Hacker News new | more | comments | ask | show | jobs | submit login
Ask HN: How does one gain expertise in scalability?
49 points by groaner on Dec 5, 2011 | hide | past | web | favorite | 26 comments
My experience is mostly in experimental software and prototypes that never made it into production. I have some vague ideas of techniques that are used to scale applications and have read materials such as that on http://highscalability.com, but no practical experience in this area, nor any projects where I can apply any of this information.

For those of you who are knowledgeable about scalability, how did you develop that knowledge?

When you need to scale, you'll find you'll be able to.

The question is probably more, "What can you do today to make scaling less painful when I need to, but without wasting effort today?"

The answer to that is to monitor everything.

Scaling is about being able to spot the bottle neck in the system and to remove it or work around it.

Unfortunately that's a hard thing to do, you need to be aware of everything: networking layers, hardware, software, how things work (or don't work) together. You've got to be able to holistically see the entire application and understand how one part impacts the rest.

Only obsessive monitoring can help you there unless you're a little bit savant and can visualise the whole system.

When you identify a bottle neck, you re-design and remove it.

How to make that easier? I find thinking of large systems in terms of a network of systems that each do "one thing well" helps. It makes identifying bottle necks easier as you cannot have doubt where a bottle neck is if a machine (or it's network) is running hot and it really does just a single task.

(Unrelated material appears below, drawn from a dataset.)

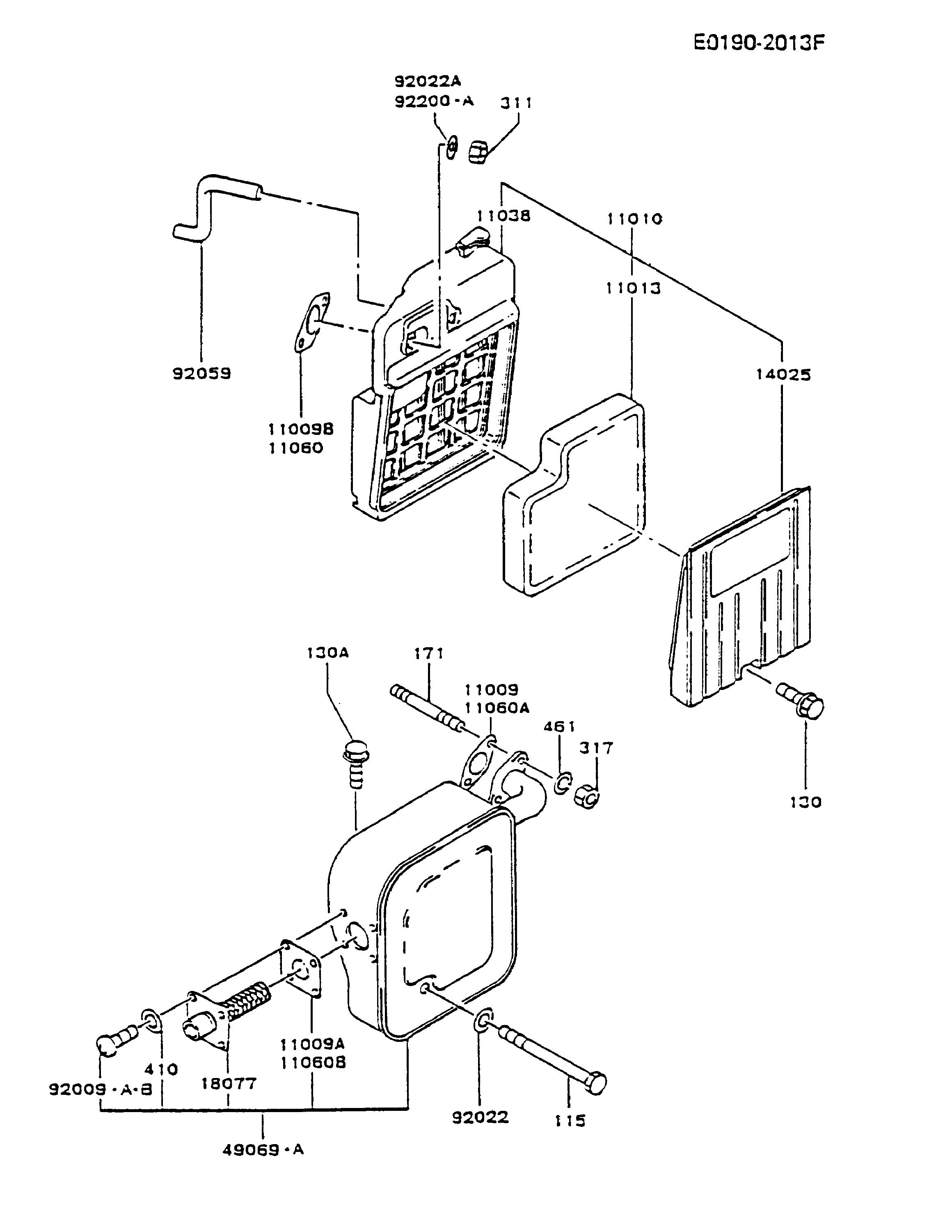 Hier finden Sie alle Ersatzteile von Kawasaki Generatoren GAH20A-CS00 (GA3200A-S) aus der Zeichnung Luftfilter / Auspuff:

So the only advice I give people in advance of them having pain points is to not mix the use of a part of the system. If you have a database server, make sure that is the only thing that server does.

For anyone trying to learn how to scale, the way to scale differs from system to system. Very few people could tell you anything, though a lot of highscalability.com is general enough for web apps that you can build up an arsenal of approaches to common problems and turn to those when you spot bottle necks emerge.

Ultimately: you can't learn how to scale until you have to, but you can design your system such that it all does one thing well and is obsessively monitored... at least then when you need to you're in a good place to be able to react to that demand.

I failed to give you a starting point on monitoring, try these:

http://graphite.wikidot.com/ (I prefer this)

http://munin-monitoring.org/ (widely used and fairly easy to find resources for)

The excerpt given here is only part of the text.